Leaving the pictures out, print the lines from the first line of the listing through the line containing "Aerial photograph of", exactly as they read, and no others.
^^^^^^^^
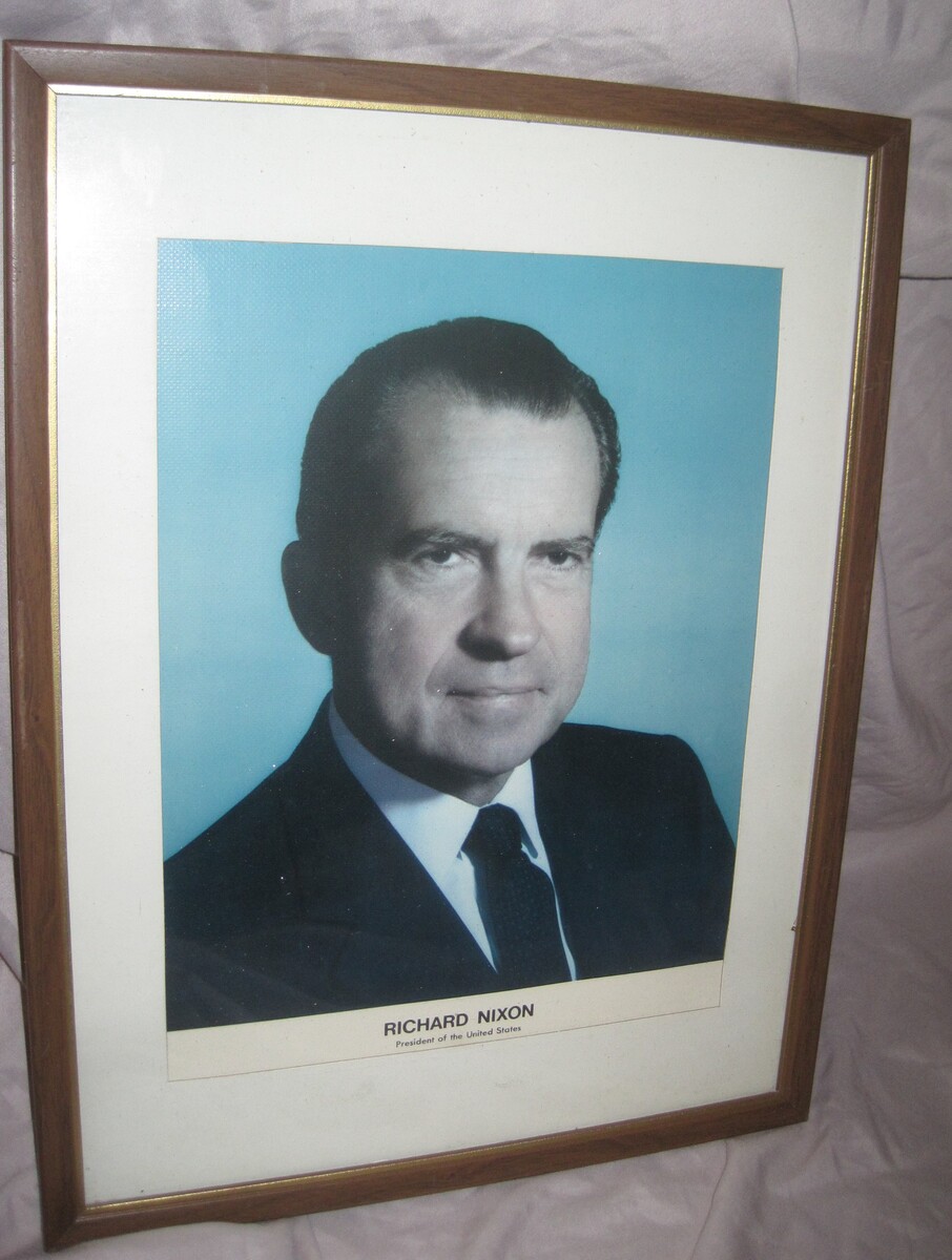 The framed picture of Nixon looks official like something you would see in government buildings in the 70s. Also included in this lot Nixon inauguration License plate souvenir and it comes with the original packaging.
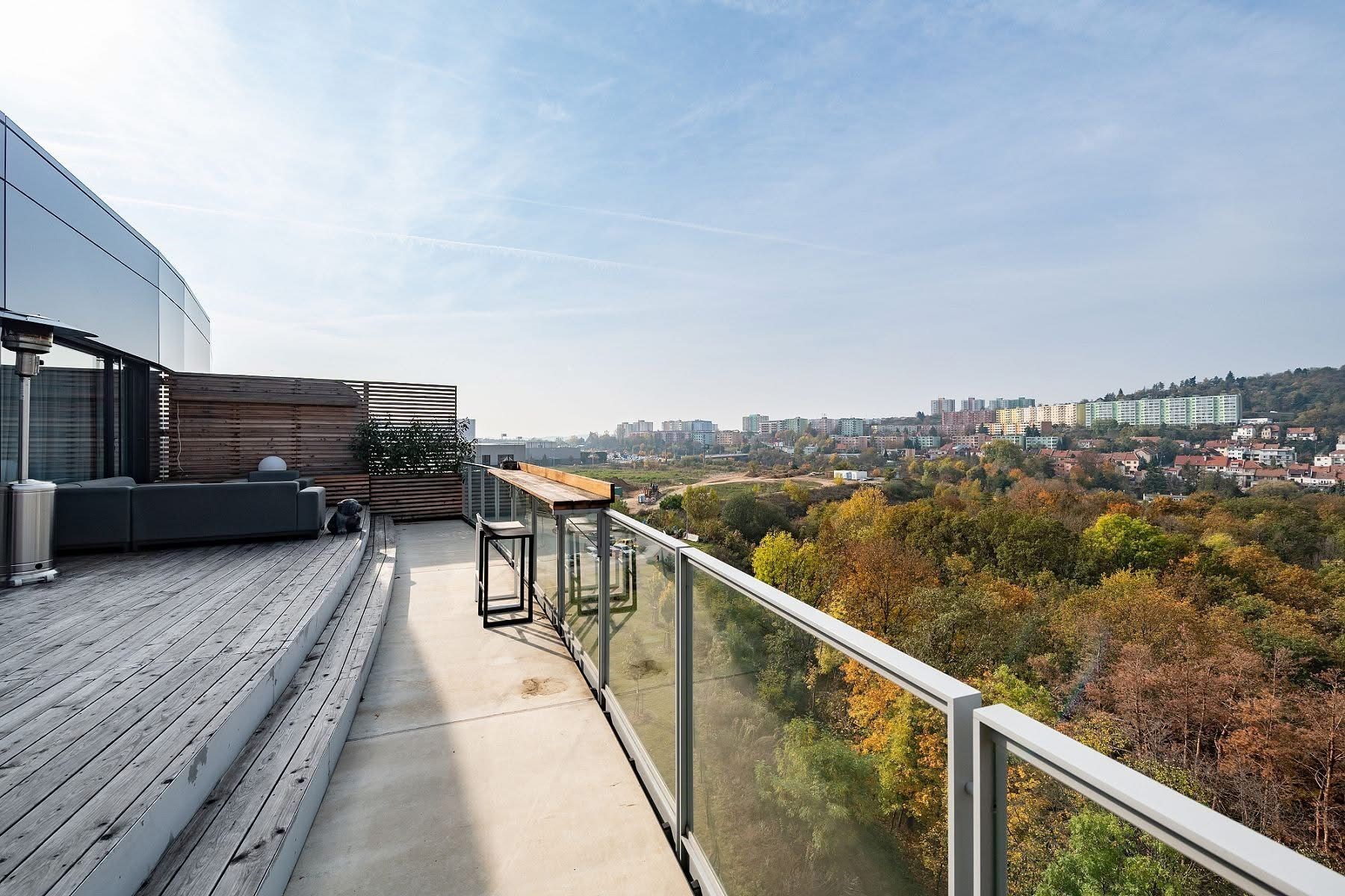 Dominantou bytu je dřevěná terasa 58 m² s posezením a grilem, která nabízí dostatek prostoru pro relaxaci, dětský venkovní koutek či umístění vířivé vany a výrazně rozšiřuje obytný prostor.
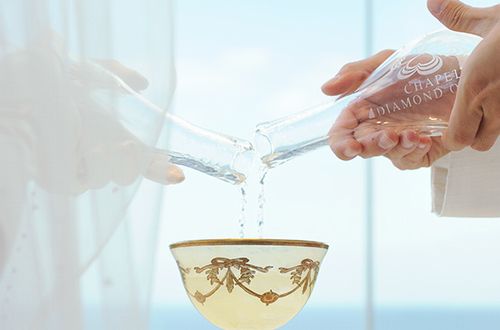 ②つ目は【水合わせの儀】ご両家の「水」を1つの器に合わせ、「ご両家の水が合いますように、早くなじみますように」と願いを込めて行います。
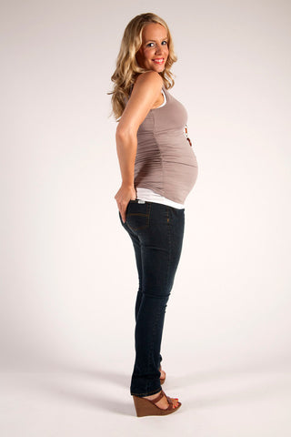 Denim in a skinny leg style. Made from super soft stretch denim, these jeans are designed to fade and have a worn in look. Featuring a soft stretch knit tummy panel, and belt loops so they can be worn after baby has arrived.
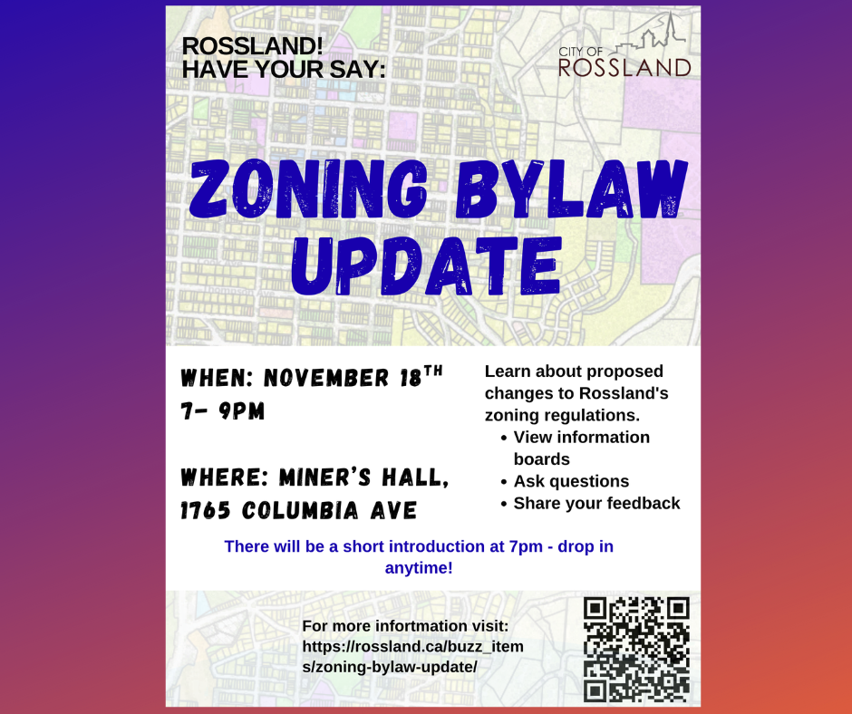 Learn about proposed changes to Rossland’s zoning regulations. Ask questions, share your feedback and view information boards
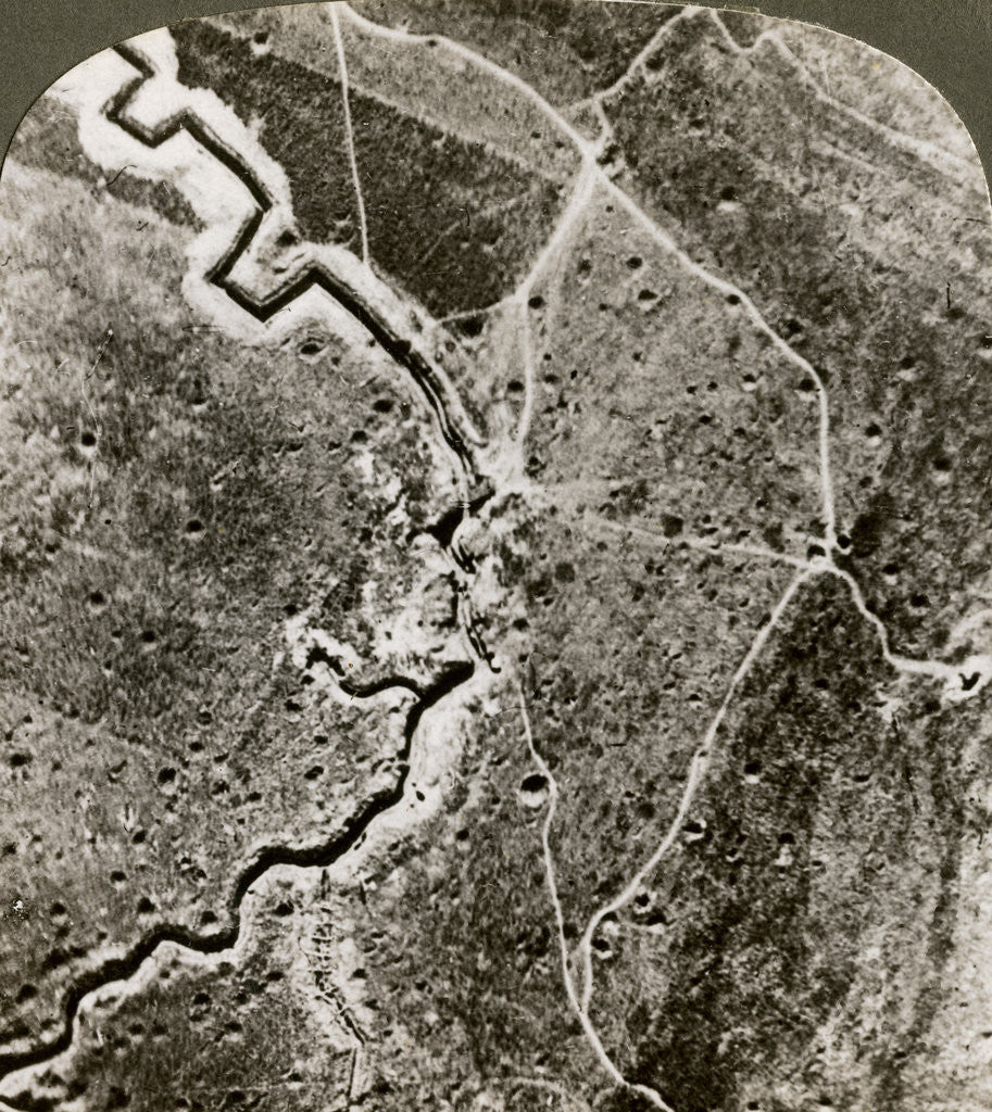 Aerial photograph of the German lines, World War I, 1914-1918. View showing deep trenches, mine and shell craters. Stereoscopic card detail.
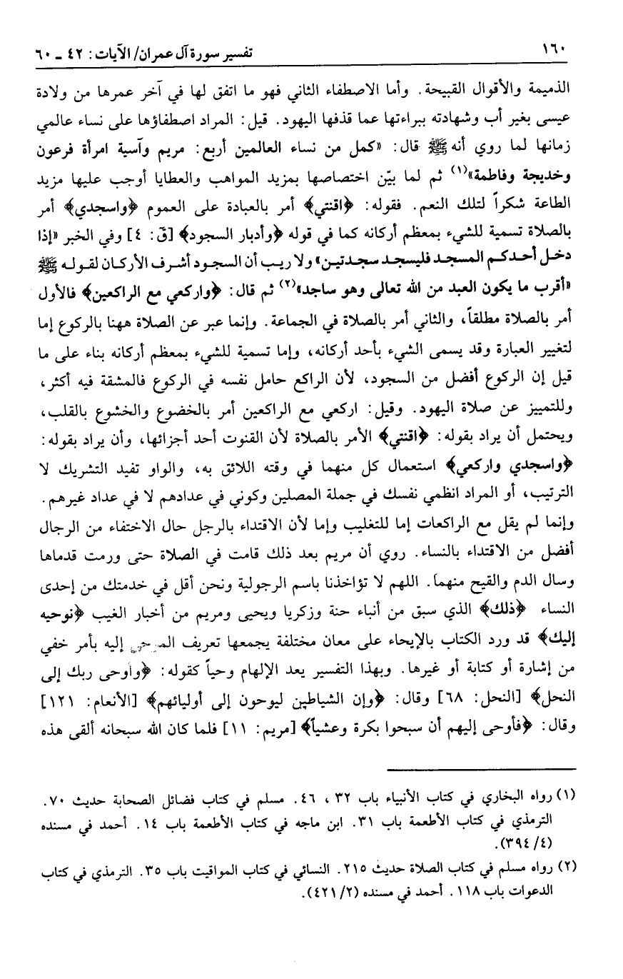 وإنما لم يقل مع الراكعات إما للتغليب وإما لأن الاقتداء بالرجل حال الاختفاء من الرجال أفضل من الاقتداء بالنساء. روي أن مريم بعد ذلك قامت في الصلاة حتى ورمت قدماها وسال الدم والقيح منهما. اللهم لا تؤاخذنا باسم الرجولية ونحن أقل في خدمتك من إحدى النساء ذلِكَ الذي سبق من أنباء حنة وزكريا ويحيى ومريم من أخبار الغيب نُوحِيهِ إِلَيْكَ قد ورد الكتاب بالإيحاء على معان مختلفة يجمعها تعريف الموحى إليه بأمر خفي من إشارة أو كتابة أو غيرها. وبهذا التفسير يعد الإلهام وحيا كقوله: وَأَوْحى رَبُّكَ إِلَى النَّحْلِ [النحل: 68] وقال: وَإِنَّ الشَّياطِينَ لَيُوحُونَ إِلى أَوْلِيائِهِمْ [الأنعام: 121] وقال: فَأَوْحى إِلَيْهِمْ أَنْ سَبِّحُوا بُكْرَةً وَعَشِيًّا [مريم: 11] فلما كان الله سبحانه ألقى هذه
^^^^^^^^
EXERCISE ANSWER ▸
 The framed picture of Nixon looks official like something you would see in government buildings in the 70s. Also included in this lot Nixon inauguration License plate souvenir and it comes with the original packaging.
 Dominantou bytu je dřevěná terasa 58 m² s posezením a grilem, která nabízí dostatek prostoru pro relaxaci, dětský venkovní koutek či umístění vířivé vany a výrazně rozšiřuje obytný prostor.
 ②つ目は【水合わせの儀】ご両家の「水」を1つの器に合わせ、「ご両家の水が合いますように、早くなじみますように」と願いを込めて行います。
 Denim in a skinny leg style. Made from super soft stretch denim, these jeans are designed to fade and have a worn in look. Featuring a soft stretch knit tummy panel, and belt loops so they can be worn after baby has arrived.
 Learn about proposed changes to Rossland’s zoning regulations. Ask questions, share your feedback and view information boards
 Aerial photograph of the German lines, World War I, 1914-1918. View showing deep trenches, mine and shell craters. Stereoscopic card detail.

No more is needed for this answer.